Some researchers want to know why quantum mechanics has the form it does, and they are engaged in an ambitious program to find out. It is called quantum reconstruction, and it amounts to trying to rebuild the theory from scratch based on a few simple principles.
Quantum Mechanics arose out of attempts to understand how atoms and molecules interact with light and other radiation, phenomena that classical physics couldn’t explain. Quantum theory was empirically motivated, and its rules were simply ones that seemed to fit what was observed. It uses mathematical formulas that, while tried and trusted, were essentially pulled out of a hat by the pioneers of the theory in the early 20th century.
Compare this with the ground rules, or axioms, of Einstein’s theory of special relativity, which was as revolutionary in its way as quantum mechanics. Before Einstein, there was an untidy collection of equations to describe how light behaves from the point of view of a moving observer.
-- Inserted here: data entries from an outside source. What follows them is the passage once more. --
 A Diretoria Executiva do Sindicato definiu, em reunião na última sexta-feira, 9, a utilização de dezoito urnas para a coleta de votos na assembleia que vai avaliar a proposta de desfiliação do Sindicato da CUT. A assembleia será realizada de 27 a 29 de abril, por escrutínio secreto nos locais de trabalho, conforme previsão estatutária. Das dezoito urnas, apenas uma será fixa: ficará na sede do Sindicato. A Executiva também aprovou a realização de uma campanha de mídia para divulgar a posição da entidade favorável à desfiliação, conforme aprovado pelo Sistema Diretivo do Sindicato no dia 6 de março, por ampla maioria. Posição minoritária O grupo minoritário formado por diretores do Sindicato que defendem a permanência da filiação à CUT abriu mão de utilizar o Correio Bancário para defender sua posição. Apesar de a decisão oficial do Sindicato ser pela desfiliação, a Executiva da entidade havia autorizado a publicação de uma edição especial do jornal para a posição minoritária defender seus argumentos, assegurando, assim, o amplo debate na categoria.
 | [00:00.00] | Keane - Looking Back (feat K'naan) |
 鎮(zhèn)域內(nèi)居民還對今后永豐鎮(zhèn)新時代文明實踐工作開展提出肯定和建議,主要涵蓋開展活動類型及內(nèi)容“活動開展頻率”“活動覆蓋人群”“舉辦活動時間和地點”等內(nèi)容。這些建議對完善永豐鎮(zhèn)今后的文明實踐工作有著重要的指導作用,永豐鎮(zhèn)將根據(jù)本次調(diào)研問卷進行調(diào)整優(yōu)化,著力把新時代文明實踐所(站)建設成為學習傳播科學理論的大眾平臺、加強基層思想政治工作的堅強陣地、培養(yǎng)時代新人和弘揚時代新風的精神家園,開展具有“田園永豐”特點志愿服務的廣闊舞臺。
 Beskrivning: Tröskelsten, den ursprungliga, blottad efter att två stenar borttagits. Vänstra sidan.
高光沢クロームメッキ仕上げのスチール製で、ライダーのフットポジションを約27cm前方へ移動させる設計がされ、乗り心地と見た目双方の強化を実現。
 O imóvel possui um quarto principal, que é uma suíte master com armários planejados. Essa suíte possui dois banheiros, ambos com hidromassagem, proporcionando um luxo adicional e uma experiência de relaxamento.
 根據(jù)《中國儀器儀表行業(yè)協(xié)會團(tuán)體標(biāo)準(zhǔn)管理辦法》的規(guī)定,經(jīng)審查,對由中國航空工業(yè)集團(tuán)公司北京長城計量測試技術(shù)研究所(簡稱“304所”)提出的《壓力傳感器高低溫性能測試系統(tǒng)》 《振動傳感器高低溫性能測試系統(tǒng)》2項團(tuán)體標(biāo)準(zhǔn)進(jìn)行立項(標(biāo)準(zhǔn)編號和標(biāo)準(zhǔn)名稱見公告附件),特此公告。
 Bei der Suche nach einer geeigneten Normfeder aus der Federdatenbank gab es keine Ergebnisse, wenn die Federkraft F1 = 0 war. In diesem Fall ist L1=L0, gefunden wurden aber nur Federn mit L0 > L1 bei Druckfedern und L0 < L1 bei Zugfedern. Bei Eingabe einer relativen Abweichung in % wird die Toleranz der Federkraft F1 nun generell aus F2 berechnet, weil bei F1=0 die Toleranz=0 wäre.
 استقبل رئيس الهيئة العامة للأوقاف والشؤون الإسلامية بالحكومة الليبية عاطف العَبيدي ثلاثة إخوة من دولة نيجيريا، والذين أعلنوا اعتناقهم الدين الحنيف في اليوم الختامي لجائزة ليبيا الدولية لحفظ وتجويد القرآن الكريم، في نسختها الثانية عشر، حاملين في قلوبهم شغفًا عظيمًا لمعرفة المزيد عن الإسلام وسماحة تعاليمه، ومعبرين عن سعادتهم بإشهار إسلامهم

Einstein dispelled the mathematical fog with two simple and intuitive principles: that the speed of light is constant, and that the laws of physics are the same for two observers moving at constant speed relative to one another. Grant these basic principles, and the rest of the theory follows. Not only are the axioms simple, but we can see at once what they mean in physical terms.
Some researchers suspect that ultimately the axioms of a quantum reconstruction will be about information: what can and can’t be done with it. One such derivation of quantum theory based on axioms about information was proposed in 2010 by Chiribella.
Their principles state that information should be localized in space and time, that systems should be able to encode information about each other, and that every process should in principle be reversible, so that information is conserved.
A further approach in the spirit of quantum reconstruction is called quantum Bayesianism, or QBism.
So how do we choose between the options available? “My suspicion now is that there is still a deeper level to go to in understanding quantum theory,” Hardy said. And he hopes that this deeper level will point beyond quantum theory, to the elusive goal of a quantum theory of gravity.
Right now, quantum reconstruction has few adherents — which pleases Hardy, as it means that it’s still a relatively tranquil field. But if it makes serious inroads into quantum gravity, that will surely change. In the 2011 poll, about a quarter of the respondents felt that quantum reconstructions will lead to a new, deeper theory. A one-in-four chance certainly seems worth a shot.